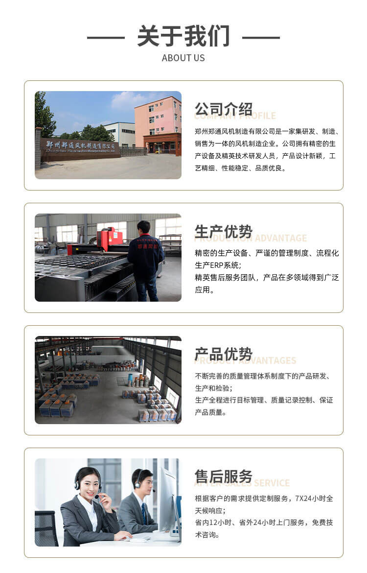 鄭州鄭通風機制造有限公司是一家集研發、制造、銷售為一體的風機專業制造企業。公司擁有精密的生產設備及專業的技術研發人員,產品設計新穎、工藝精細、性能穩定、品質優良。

__________________________________________________

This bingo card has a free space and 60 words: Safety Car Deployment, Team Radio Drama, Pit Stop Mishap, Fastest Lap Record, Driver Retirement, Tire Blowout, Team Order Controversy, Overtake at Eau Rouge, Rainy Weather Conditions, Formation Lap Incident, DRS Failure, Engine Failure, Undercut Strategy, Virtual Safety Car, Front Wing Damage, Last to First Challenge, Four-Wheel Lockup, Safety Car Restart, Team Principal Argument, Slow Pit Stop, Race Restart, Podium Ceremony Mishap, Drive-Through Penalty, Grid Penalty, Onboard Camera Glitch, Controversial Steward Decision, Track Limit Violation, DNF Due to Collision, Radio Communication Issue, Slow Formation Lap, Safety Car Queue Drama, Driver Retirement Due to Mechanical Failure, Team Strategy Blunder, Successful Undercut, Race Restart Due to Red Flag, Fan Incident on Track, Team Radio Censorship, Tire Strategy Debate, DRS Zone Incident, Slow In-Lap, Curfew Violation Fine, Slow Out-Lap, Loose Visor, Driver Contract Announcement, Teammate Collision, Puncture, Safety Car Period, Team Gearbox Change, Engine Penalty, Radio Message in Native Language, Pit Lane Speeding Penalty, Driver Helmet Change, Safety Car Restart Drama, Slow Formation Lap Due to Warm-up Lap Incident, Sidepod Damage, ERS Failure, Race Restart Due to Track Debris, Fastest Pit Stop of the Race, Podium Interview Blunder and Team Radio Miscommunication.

__________________________________________________

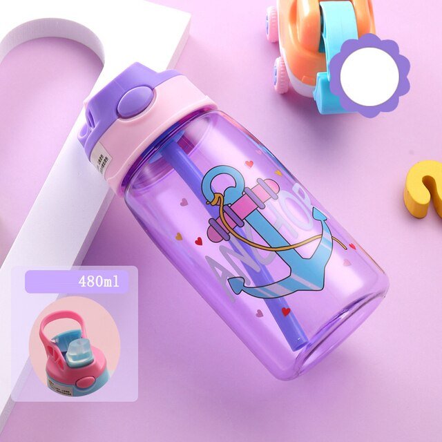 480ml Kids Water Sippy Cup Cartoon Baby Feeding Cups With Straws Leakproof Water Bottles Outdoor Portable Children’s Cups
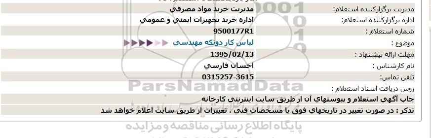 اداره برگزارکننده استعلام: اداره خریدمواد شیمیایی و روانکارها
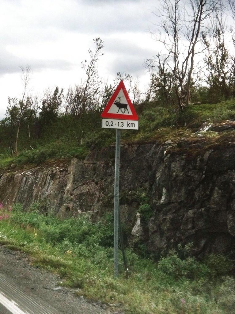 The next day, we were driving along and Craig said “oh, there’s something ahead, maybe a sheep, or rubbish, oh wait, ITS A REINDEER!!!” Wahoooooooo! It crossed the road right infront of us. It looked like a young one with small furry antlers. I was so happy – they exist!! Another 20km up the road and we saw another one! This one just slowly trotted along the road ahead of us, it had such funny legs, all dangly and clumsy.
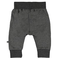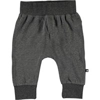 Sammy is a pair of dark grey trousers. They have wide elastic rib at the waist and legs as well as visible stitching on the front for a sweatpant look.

__________________________________________________

Go back to the listing above and reproduce, exactly, the stretch from the line bearing "The next day, we" through the line bearing "Sammy is a pair", without its pictures.

Output for this exercise.
 The next day, we were driving along and Craig said “oh, there’s something ahead, maybe a sheep, or rubbish, oh wait, ITS A REINDEER!!!” Wahoooooooo! It crossed the road right infront of us. It looked like a young one with small furry antlers. I was so happy – they exist!! Another 20km up the road and we saw another one! This one just slowly trotted along the road ahead of us, it had such funny legs, all dangly and clumsy.
 Sammy is a pair of dark grey trousers. They have wide elastic rib at the waist and legs as well as visible stitching on the front for a sweatpant look.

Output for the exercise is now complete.